BY: Denver Sean
Published 2 years ago
Two protesters were arrested after throwing mashed potatoes at a Claude Monet painting inside the Museum Barberini in Potsdam, Germany.
via Complex:
The museum released a statement via Twitter declaring “Grainstacks,” the 1890 painting from Monet which was targeted in the protest, was not damaged after undergoing an “immediate conservation investigation.” The pair was eventually charged with trespassing and property damage.
According to Reuters, “Grainstacks” was sold for a record $110.7 million at an auction in 2019.
The German climate activist group the Last Generation took responsibility for the incident. “If it takes a painting—with #MashedPotatoes or #TomatoSoup thrown at it—to make society remember that the fossil fuel course is killing us all,” the tweet reads. “Then we’ll give you #MashedPotatoes on a painting.”

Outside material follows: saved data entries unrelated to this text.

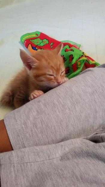 我が家にきて2日目の斑ですが、夜中にみんなを恋しがって鳴いたりもせず、眠くなるとお気に入りの場所で寝たり、いつのまにか自分でベッドに戻って寝たり、誰かが側に行けばゴロゴロゴロゴロ・・・。
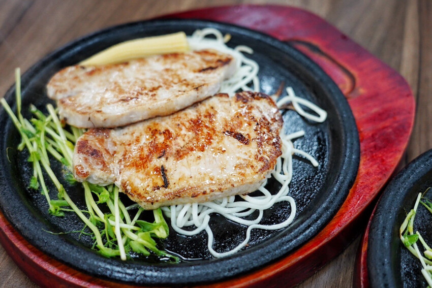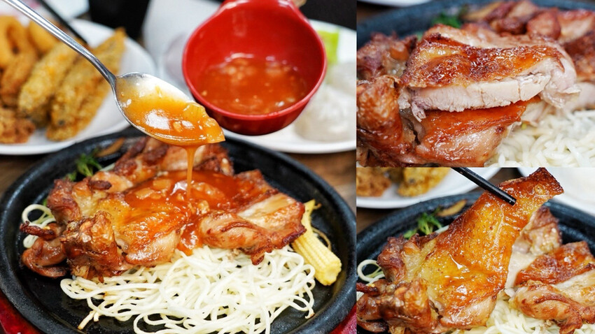 如果你很會吃可加點雞腿排!剛上桌雞腿排還很燙口,外皮很酥脆,雞腿肉質挺軟嫩,吃得到鐵盤烤香味~
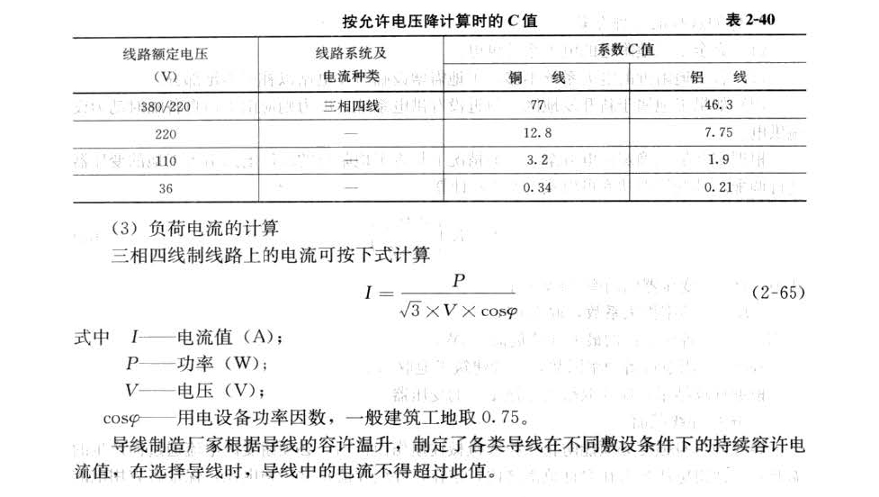 允许电压降参考值

“While I understand the activists’ urgent concern in the face of the climate catastrophe, I am shocked by the means with which they are trying to lend weight to their demands,” Ortrud Westheider, director of Museum Barberini, said in a statement, obtained by USA Today. “It is in the works of the Impressionists that we see the intense artistic engagement with nature.”
A similar incident occurred earlier this month when two protesters, who claimed to be from the group “Just Stop Oil,” flung tomato soup at Vincent van Gogh’s 1888 painting “Sunflower” at the National Gallery in London’s Trafalgar Square. The two were charged with criminal damage and aggravated trespassing, but the painting did not sustain any damage.
$110 million for a painting is wild.